# Looking For A Fast/Decent .MKV To .AVI Converter



## Vanchatron (Jul 18, 2006)

I've just recently hooked up my Xbox 360 to my PC so that I can stream HD movies from my PC through to the TV. The only problem is, Xbox won't recognise the file type because all the HD movies are .MKV files as opposed to .AVI etc.

I downloaded a program called "OJOsoft Total Video Converter" which is able to convert .MKV files into .AVI, but the only problem is, it takes around 2.5 hours to convert an HD movie from .MKV to .AVI, plus it can only do it one at a time. Therefore, I'm hoping somebody here will be able to point me in the right direction of a simple to use, yet fast program which I can use to convert .MKV files into .AVI. It'd also be a massive bonus if the program could convert more than one at a time (or at least QUEUE them up so the converting starts as soon as the others are done) because then I'd be able to leave it on over night whilst I'm asleep, as opposed to having it hog up all my memory during the day, so I can't really use the PC.
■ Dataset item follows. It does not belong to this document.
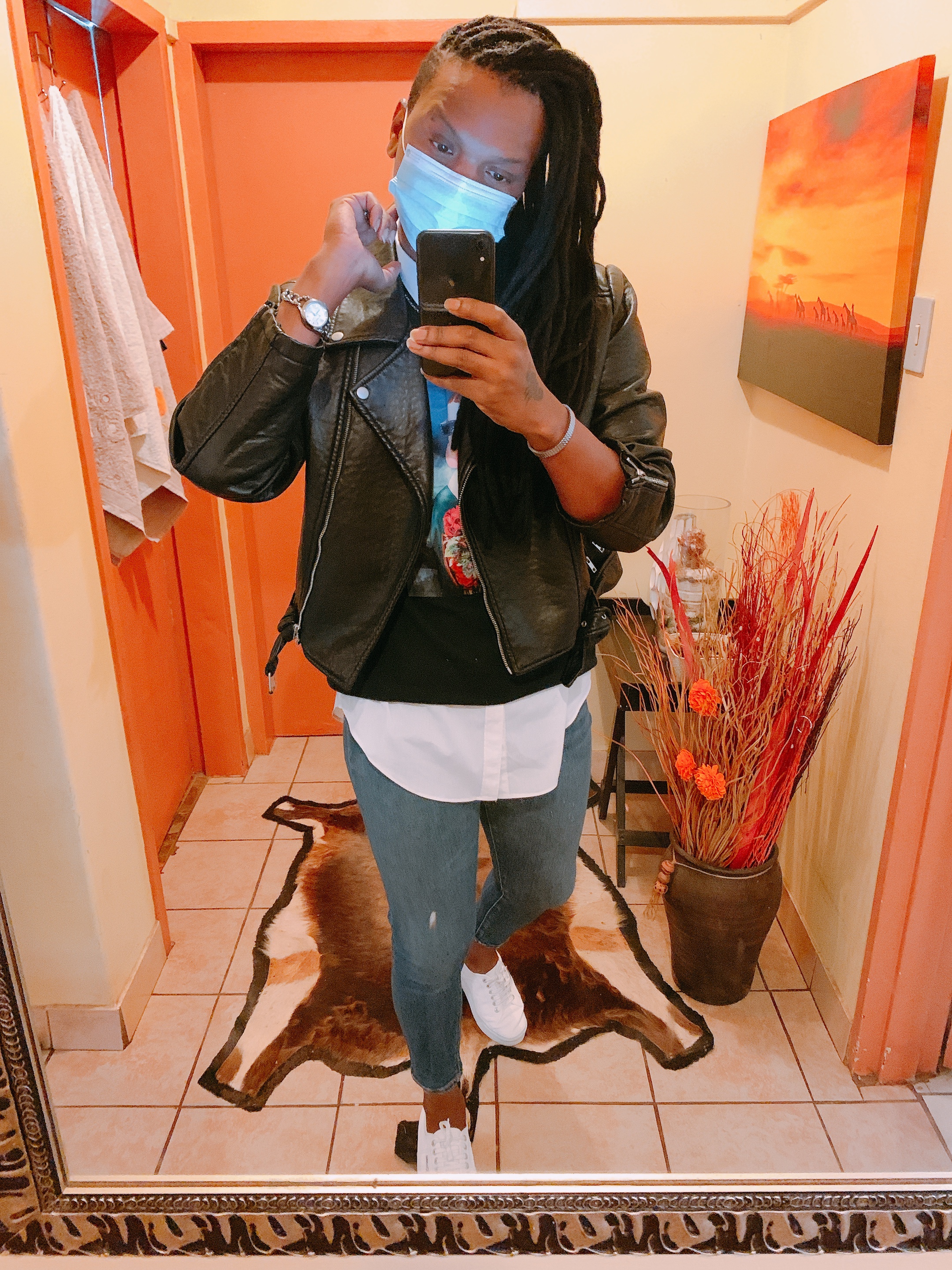 The jackets compliments the denim jeans and decided to spice it up with a super loose t-shirt and gold accessories not forgetting the comfy #converse.

Many thanks in advance for anybody who can help


----------



## kevmacca (Mar 7, 2007)

you need to use google for the infomation you require, there are lots of these programs reviewed.


----------



## koala (Mar 27, 2005)

*Format Factory* - freeware, easy to use, fast, handles most file types, including MKV and AVI. Drag your MKV files from Windows Explorer into Format Factory, choose the output folder, select AVI and hit the Start button to convert.


----------